- The Washington Times - Friday, November 8, 2002

At least 61,000 people were added to the D.C. voter rolls between August and October, raising the total number of registered D.C. voters to 363,211. This is an incredible development. Or is it an illusion?

In September, the D.C. Board of Elections and Ethics reported that there were only 301,593 registered voters. If the new numbers are to be believed, that means that between Aug. 10, the last date to qualify to vote in the Sept. 10 primaries, and Oct. 5, the cutoff for the Nov. 5 general election, the board duly qualified 61,618 voters.

The board knows there are many voters who live elsewhere and vote in the District and vice versa. It is an unlawful activity that has dogged Maryland and Virginia rolls, too. Failure to keep the D.C. rolls clean might, perhaps, explain why there have been such dramatic spikes in registration in recent elections. For example, in 1998 there were about 361,000 registered D.C. voters, then the number dropped to 354,000 in 2000, which seems fairly normal. This election season again from 301,593 to 363,211, a 61,000 difference seems unreal.
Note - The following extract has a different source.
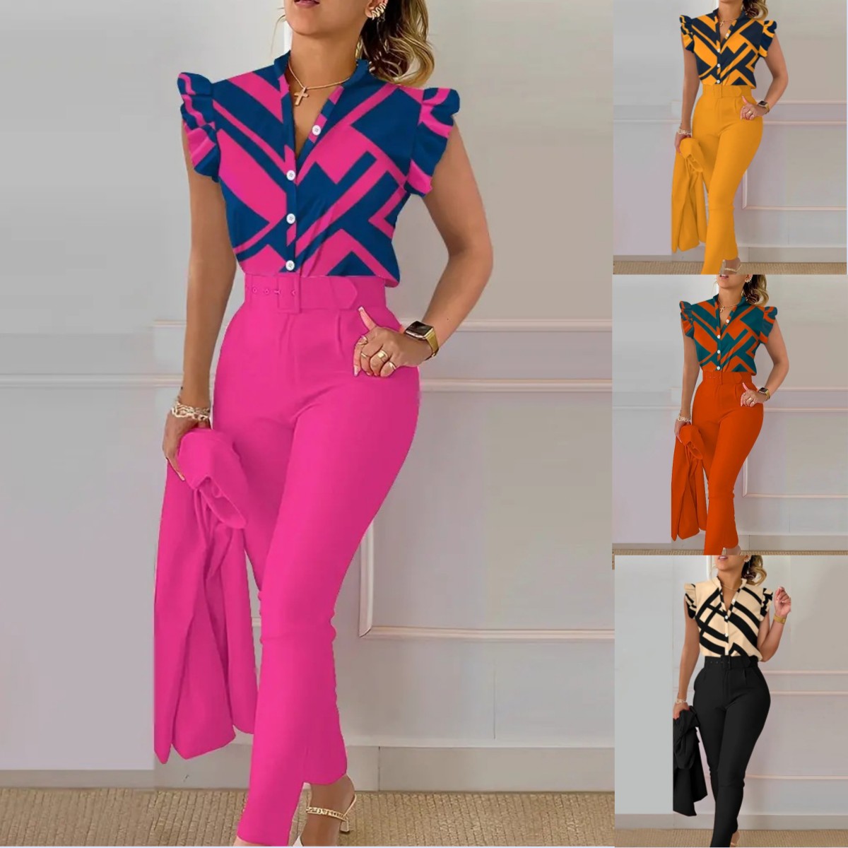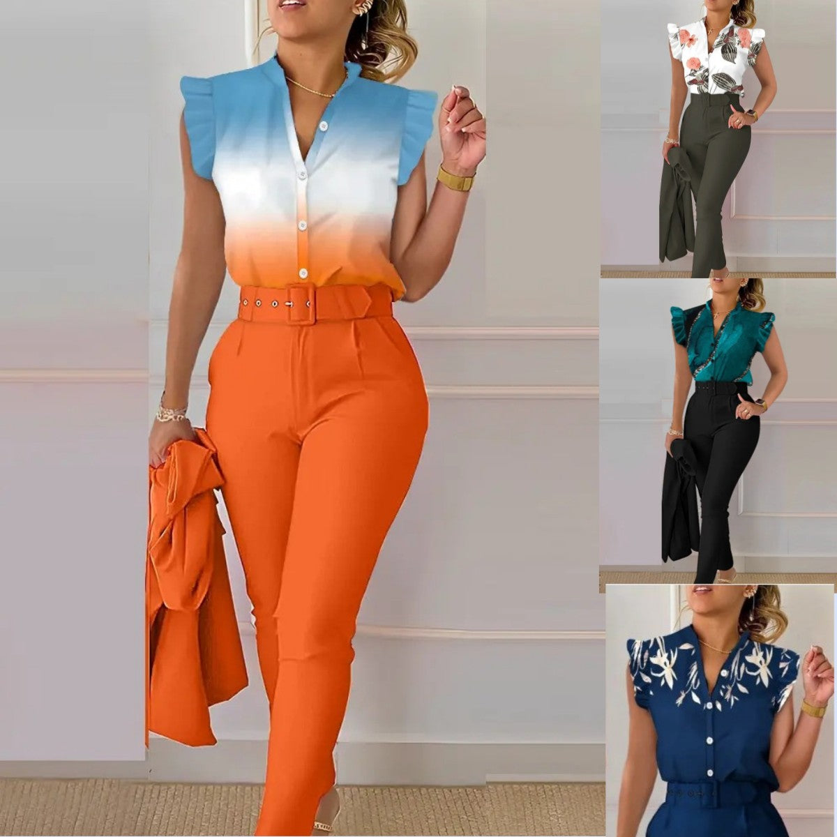 ✨😍👍Koszula bez rękawów z dekoltem w serek + spodnie obcisłe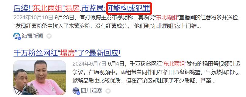 9月24日,一位博主爆料称,他购买了数百万粉丝“东北雨姐”出售的红薯粉丝。检查后发现没有红薯成分。产品中加入了木薯淀粉,团队上门寻找“东北雨姐”。打假被围攻,限制人身自由。。

The board owes an explanation. After all, election officials should be keenly aware of the volume of schemes to falsify driver's licenses, Social Security cards, passports and visas that have been uncovered, particularly since September 11. Also, the petition scandal leading up to the D.C. primary should make the election board all the more conscientious regarding voter rolls and other election processes. More important, though, is the fact that voting is a privilege granted exclusively to U.S. citizens. The question for the board: Are the new numbers fact or fiction?